SOURCE MATERIAL:
------------------------------------------------
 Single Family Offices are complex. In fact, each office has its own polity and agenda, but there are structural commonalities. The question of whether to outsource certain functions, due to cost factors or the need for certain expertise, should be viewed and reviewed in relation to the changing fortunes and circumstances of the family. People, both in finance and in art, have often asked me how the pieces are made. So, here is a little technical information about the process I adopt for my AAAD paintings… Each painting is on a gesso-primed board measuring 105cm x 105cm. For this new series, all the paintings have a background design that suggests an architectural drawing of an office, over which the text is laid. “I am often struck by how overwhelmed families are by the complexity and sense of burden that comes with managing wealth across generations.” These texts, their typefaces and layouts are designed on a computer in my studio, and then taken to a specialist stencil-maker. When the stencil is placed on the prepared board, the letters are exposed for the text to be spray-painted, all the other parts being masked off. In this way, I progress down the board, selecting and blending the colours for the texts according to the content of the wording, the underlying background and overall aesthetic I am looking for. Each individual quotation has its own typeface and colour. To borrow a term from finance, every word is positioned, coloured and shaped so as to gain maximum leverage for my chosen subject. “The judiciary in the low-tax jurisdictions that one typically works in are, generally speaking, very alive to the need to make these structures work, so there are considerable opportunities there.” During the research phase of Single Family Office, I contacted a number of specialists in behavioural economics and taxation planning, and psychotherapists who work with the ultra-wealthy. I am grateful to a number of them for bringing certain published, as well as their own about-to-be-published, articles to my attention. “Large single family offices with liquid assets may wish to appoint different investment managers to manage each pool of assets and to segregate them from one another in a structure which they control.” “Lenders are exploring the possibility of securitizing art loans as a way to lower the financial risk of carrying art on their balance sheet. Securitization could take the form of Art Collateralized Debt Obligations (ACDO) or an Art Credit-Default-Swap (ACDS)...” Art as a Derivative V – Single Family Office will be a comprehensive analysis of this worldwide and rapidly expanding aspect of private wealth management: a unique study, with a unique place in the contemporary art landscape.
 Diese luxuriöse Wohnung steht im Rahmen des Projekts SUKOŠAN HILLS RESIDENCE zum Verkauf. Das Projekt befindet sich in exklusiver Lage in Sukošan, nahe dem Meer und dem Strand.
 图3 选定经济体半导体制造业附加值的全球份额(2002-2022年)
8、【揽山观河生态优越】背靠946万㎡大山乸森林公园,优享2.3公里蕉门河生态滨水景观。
------------------------------------------------
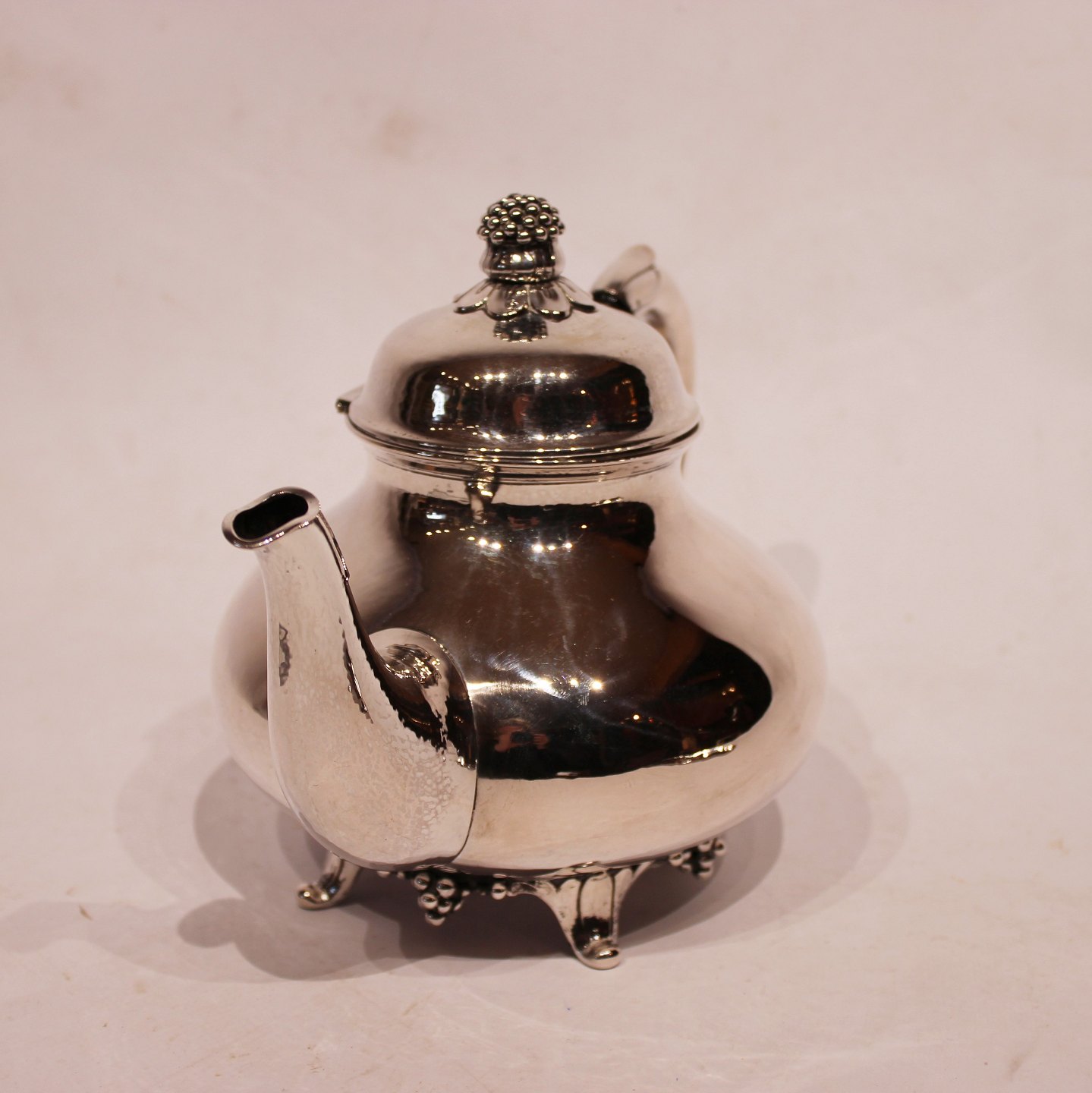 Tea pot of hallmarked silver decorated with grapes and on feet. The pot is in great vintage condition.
------------------------------------------------
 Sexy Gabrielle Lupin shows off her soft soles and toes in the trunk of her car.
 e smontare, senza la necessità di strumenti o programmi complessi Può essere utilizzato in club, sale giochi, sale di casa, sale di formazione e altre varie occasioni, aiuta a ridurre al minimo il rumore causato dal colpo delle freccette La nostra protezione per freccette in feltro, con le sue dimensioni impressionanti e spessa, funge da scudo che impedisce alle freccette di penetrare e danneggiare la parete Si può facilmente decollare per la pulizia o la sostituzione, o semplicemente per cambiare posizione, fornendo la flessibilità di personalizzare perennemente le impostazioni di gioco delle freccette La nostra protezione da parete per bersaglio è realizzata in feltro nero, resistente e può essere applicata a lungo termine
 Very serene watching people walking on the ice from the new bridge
------------------------------------------------
ACTION ITEM:
Restate word for word the lines in the material above from the one with "Diese luxuriöse Wohnung" to the one with "8、【揽山观河生态优越】背靠"; both of those lines count, and nothing else does.

RESPONSE:
 Diese luxuriöse Wohnung steht im Rahmen des Projekts SUKOŠAN HILLS RESIDENCE zum Verkauf. Das Projekt befindet sich in exklusiver Lage in Sukošan, nahe dem Meer und dem Strand.
 图3 选定经济体半导体制造业附加值的全球份额(2002-2022年)
8、【揽山观河生态优越】背靠946万㎡大山乸森林公园,优享2.3公里蕉门河生态滨水景观。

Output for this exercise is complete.